● WHAT TO PRODUCE: Copy all records exactly, excluding images.

(Records excerpted from a collection)
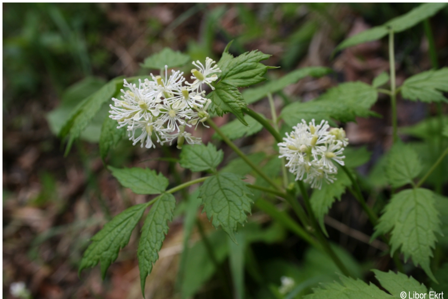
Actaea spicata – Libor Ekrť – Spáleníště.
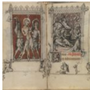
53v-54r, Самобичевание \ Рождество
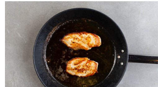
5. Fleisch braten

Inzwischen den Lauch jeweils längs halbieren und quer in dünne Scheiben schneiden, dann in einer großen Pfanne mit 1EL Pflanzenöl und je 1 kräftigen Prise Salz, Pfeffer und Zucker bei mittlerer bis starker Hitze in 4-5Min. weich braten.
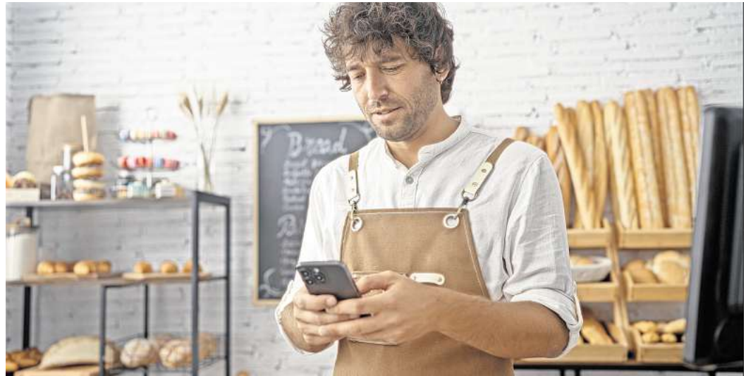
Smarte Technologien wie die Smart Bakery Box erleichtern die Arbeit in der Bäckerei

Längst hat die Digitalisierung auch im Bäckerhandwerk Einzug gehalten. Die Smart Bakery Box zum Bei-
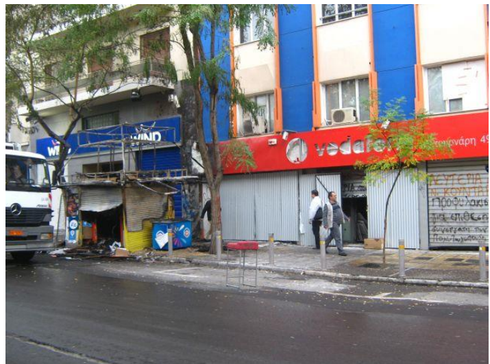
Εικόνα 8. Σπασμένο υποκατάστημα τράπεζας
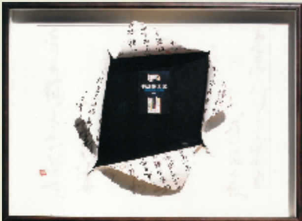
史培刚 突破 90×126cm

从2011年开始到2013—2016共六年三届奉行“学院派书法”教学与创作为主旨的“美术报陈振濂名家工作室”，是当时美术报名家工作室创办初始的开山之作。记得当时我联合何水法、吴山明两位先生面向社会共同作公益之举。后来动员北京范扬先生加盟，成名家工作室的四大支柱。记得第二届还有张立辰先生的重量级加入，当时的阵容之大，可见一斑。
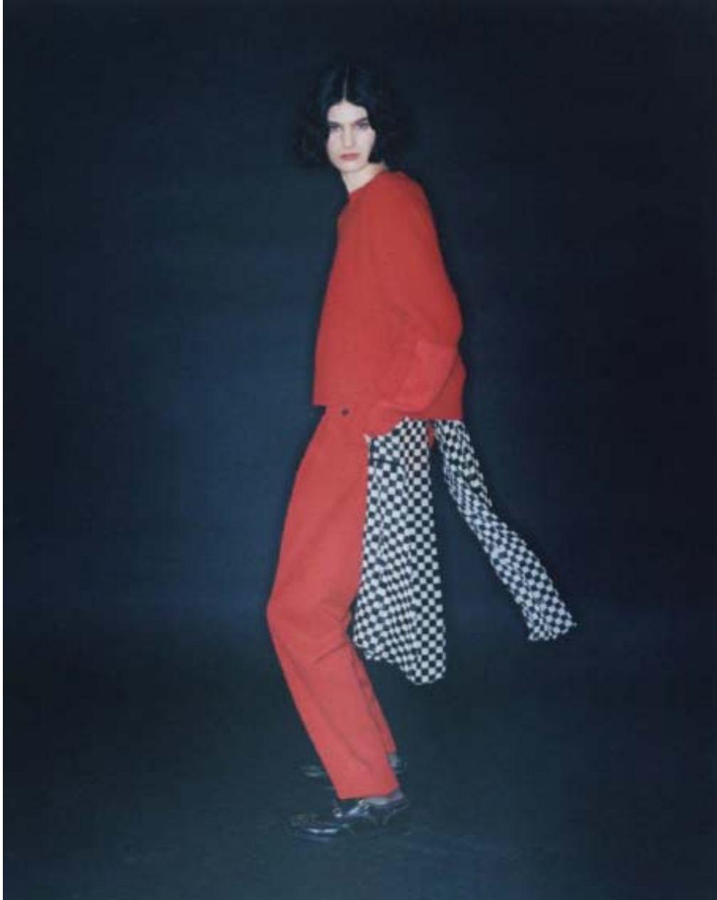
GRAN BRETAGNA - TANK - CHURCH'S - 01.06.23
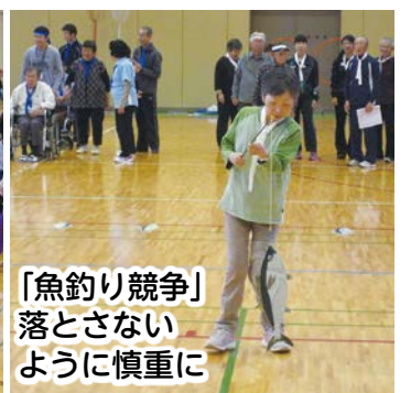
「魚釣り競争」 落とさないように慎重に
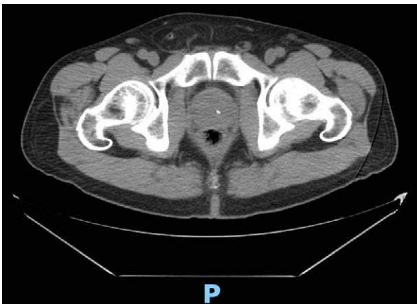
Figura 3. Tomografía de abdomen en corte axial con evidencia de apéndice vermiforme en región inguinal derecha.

● ANSWER BELOW:
Actaea spicata – Libor Ekrť – Spáleníště.
53v-54r, Самобичевание \ Рождество
5. Fleisch braten

Inzwischen den Lauch jeweils längs halbieren und quer in dünne Scheiben schneiden, dann in einer großen Pfanne mit 1EL Pflanzenöl und je 1 kräftigen Prise Salz, Pfeffer und Zucker bei mittlerer bis starker Hitze in 4-5Min. weich braten.
Smarte Technologien wie die Smart Bakery Box erleichtern die Arbeit in der Bäckerei

Längst hat die Digitalisierung auch im Bäckerhandwerk Einzug gehalten. Die Smart Bakery Box zum Bei-
Εικόνα 8. Σπασμένο υποκατάστημα τράπεζας
史培刚 突破 90×126cm

从2011年开始到2013—2016共六年三届奉行“学院派书法”教学与创作为主旨的“美术报陈振濂名家工作室”，是当时美术报名家工作室创办初始的开山之作。记得当时我联合何水法、吴山明两位先生面向社会共同作公益之举。后来动员北京范扬先生加盟，成名家工作室的四大支柱。记得第二届还有张立辰先生的重量级加入，当时的阵容之大，可见一斑。
GRAN BRETAGNA - TANK - CHURCH'S - 01.06.23
「魚釣り競争」 落とさないように慎重に
Figura 3. Tomografía de abdomen en corte axial con evidencia de apéndice vermiforme en región inguinal derecha.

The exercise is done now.